И все же теперь, когда над ним не нависала угроза смерти, и он не был совершенно беспомощен, без наркоты, он снова хотел проделать все это, и не мог не обращать внимания на эти желания. По пути сюда он ударил незнакомого человека средних лет, почувствовал, как зубы мужчины вгрызлись в его суставы, и рассмеялся. Рассмеялся, потому что ему нравилось причинять боль.
Я — монстр.
Только когда он был с Мэри Энн, подобные желания его покидали. Они встречались несколько месяцев, и он был блаженно счастлив все это время. Конечно, он был Такером, и потому умудрился все разрушить.
Она уехала ненадолго, и тем вечером он зашел в гости к ее соседке и лучшей подруге Пенни Паркс. Они с Пенни выпили несколько бутылок пива и по глупости занялись незащищенным сексом, а теперь Пенни была беременна от него. Она так говорила.
Часть его верила ей. Та человеческая часть, которая ненавидела, когда он вел себя как маньяк. Другая его часть, та, в которой бурлили все те желания, не хотела верить ей.
Ему снова была нужна Мэри Энн. Не как девушка, а только как друг. Он не был уверен, что когда-либо хотел ее в романтическом смысле. Ему просто нравилось, как он чувствовал себя с ней. Она исправляла его, снова заставляла его быть лучше. И может быть, тогда он мог бы стать лучшим отцом своему ребенку, чем его собственный отец был ему.
Где-то в темноте он услышал шорох ткани по телу, звук каким-то образом был куда более отталкивающий, чем писк той мыши.
— Ты пришел, — произнес тяжелый, бесчувственный голос из темноты. — Хороший мальчик.
Голос. Только на этот раз не в его голове.
Его сердце бешено заколотилось, и Такер выпрямился. Он все еще ничего не видел. В склеп не проникало ни единого луча света, и воздух был насыщен пылью. Пылью и смертью.
— Д-да. Я старался. — Он постарается быть всем, чем этот мужчина захочет. — Кто ты?
— Я — твой король.
Три простых слова, но они безвозвратно изменили жизнь Такера. Да. Он принадлежал владельцу этого голоса. Тот был сильным, властным, чуть ли не магия пронизывала каждый слог, окутывая его, прижимая… прижимая… управляя им.

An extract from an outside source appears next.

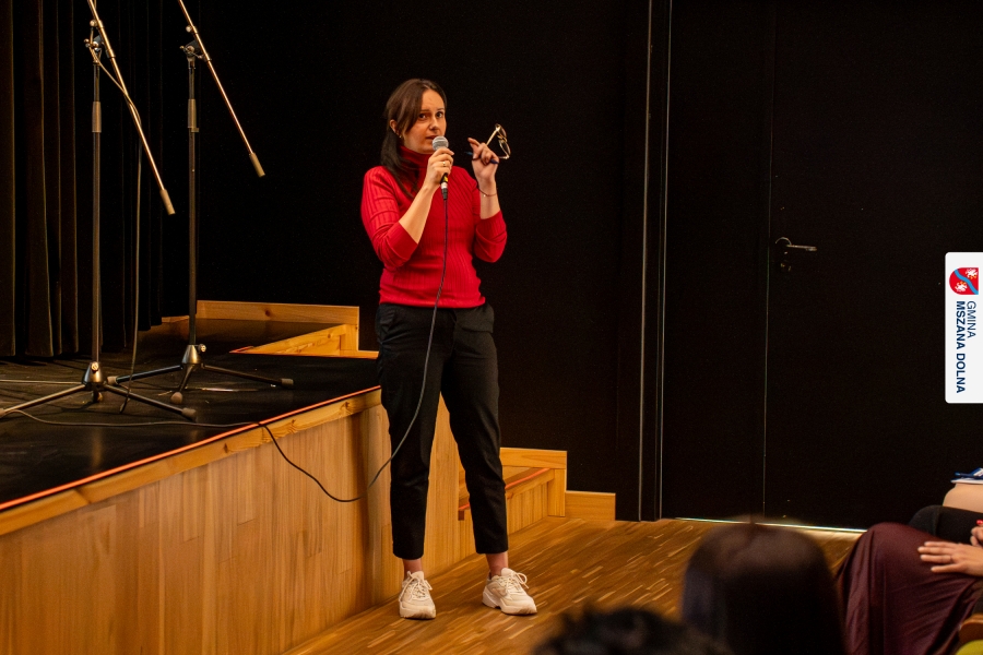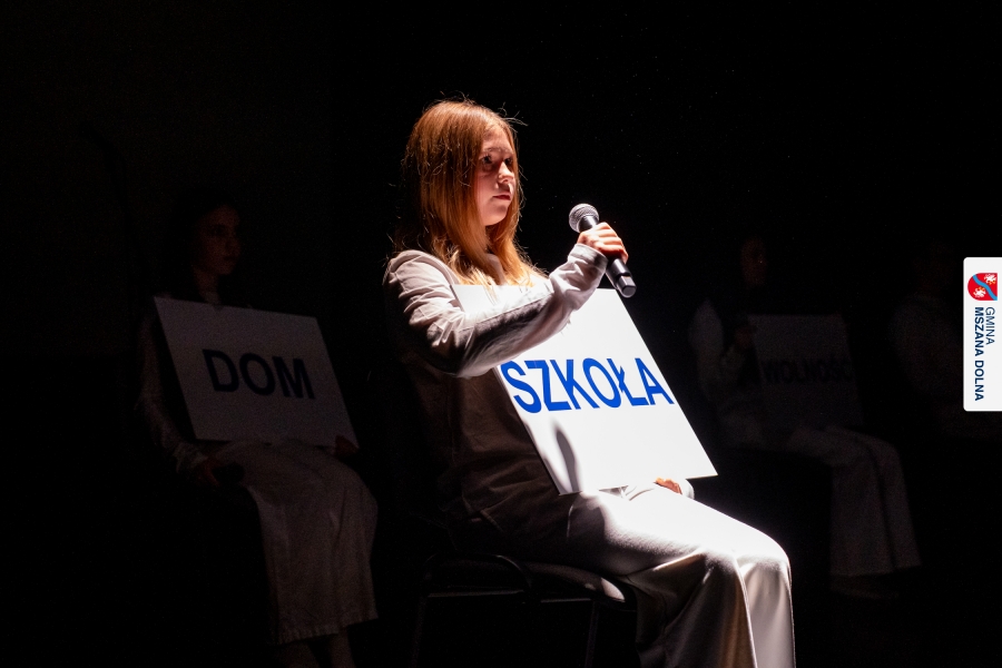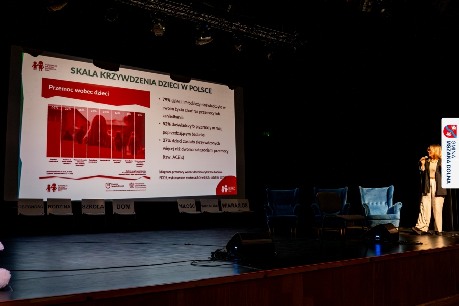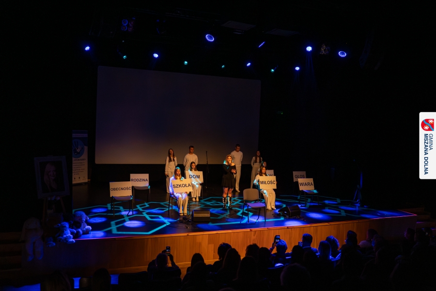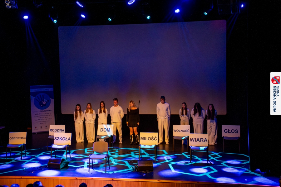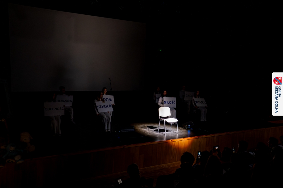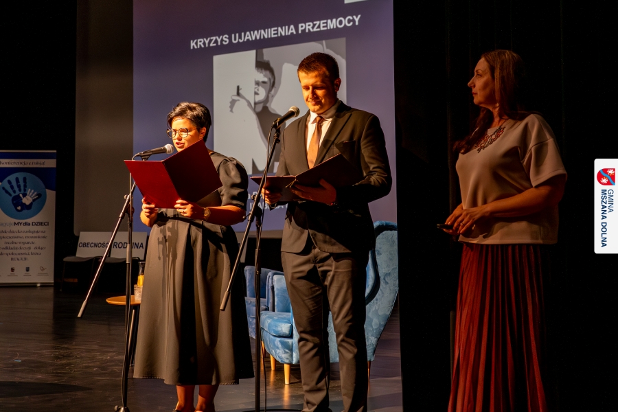 Spotkanie rozpoczęła młodzieżowa grupa „Bez Maski”, przygotowana pod opieką Doroty Gil, logopedy i nauczycielki z Zespołu Placówek Oświatowych w Podobinie. Spektakl słowno-muzyczny stworzony specjalnie na tę okazję poruszył publiczność. W ciszy i skupieniu uczestnicy słuchali młodych artystów, którzy odważnie pokazywali, czym jest dla nich bezpieczeństwo, jak wygląda świat, w którym dziecko doświadcza przemocy, i jak bardzo potrzebują obecności i uważności dorosłych.

Такер сделает больше, чем этот мужчина хотел. Он сделает все, чего бы тот ни попросил и когда бы он ни попросил, и будет счастлив.
— Влад, — произнес парень, глубоко в душе зная это имя. Он склонил голову в почтительном приветствии, пусть даже тот и не мог видеть. Или же взгляд Влада проникал сквозь темноту?
— Да. Я — Влад. И есть кое-кто еще, кого ты знаешь, Такер. И в ком я сильно заинтересован. Эйден Стоун.
Это было утверждение, а не вопрос, и все же Такер ответил.
— Да. — Он ничего не мог с собой поделать. Должен угодить Владу. Должен всегда угождать Владу. — Я знаю его.
— Ты будешь наблюдать за ним.
— Да. — Никаких сомнений.
— Ты расскажешь мне обо всем, что узнаешь.
— Да. — Все, что угодно.
— Это хорошо. Я рассчитываю на тебя, Такер. Не подведи меня. Видишь ли, он забрал мою корону, и когда придет время, я верну ее обратно.
***
Следующие несколько часов жизни Эйдена прошли в тумане. Шеннон понял, что с ним что-то не так и пытался развлечь его, рассказывая ему о том, как прошел день, и как мистер Клин, их учитель химии, попросил встать его перед классом и сделать упражнения на укрепление пальцев, пока не наполнится одна из пробирок.
В это же время Томас продолжал обстреливать его скоропалительными вопросами.
— Почему мой король больше не видит и не слышит меня? Почему я провалился в черную дыру, когда вампирша и оборотень ушли?
Тогда же Элайджа потребовал, чтобы они обсудили приближающееся собрание вампиров, планы, которые необходимо осуществить. Что если вампиры восстанут, и кто-то попытается свергнуть его с трона?
Параллельно Калеб набрасывал в общих чертах, что стоит одеть Эйдену, чтобы впечатлить Викторию настолько, чтобы она соблазнила его. Главным претендентом стала черная кожа. И взбитые сливки.
Вместе с тем Джулиан сочинял жалостную поэму, чтобы подарить ее Виктории.
«О, милая моя, сердце мое обливается кровью. Но ты ведь любишь кровь. Я грязь, прости меня».
В этот момент Калеб начал язвить, и Элайджа пришел в ярость. Бла-бла-бла.
Сквозь все это, Эйдену даже казалось, что на заднем плане он слышит вой волков.
Аф-аф-аф, подумал он насмешливо.
Его голова пульсировала. Он не мог уследить за болтовней, слова и звуки не просто смешивались вместе. Они создавали всевозрастающий гул, который разбивал его черепушку.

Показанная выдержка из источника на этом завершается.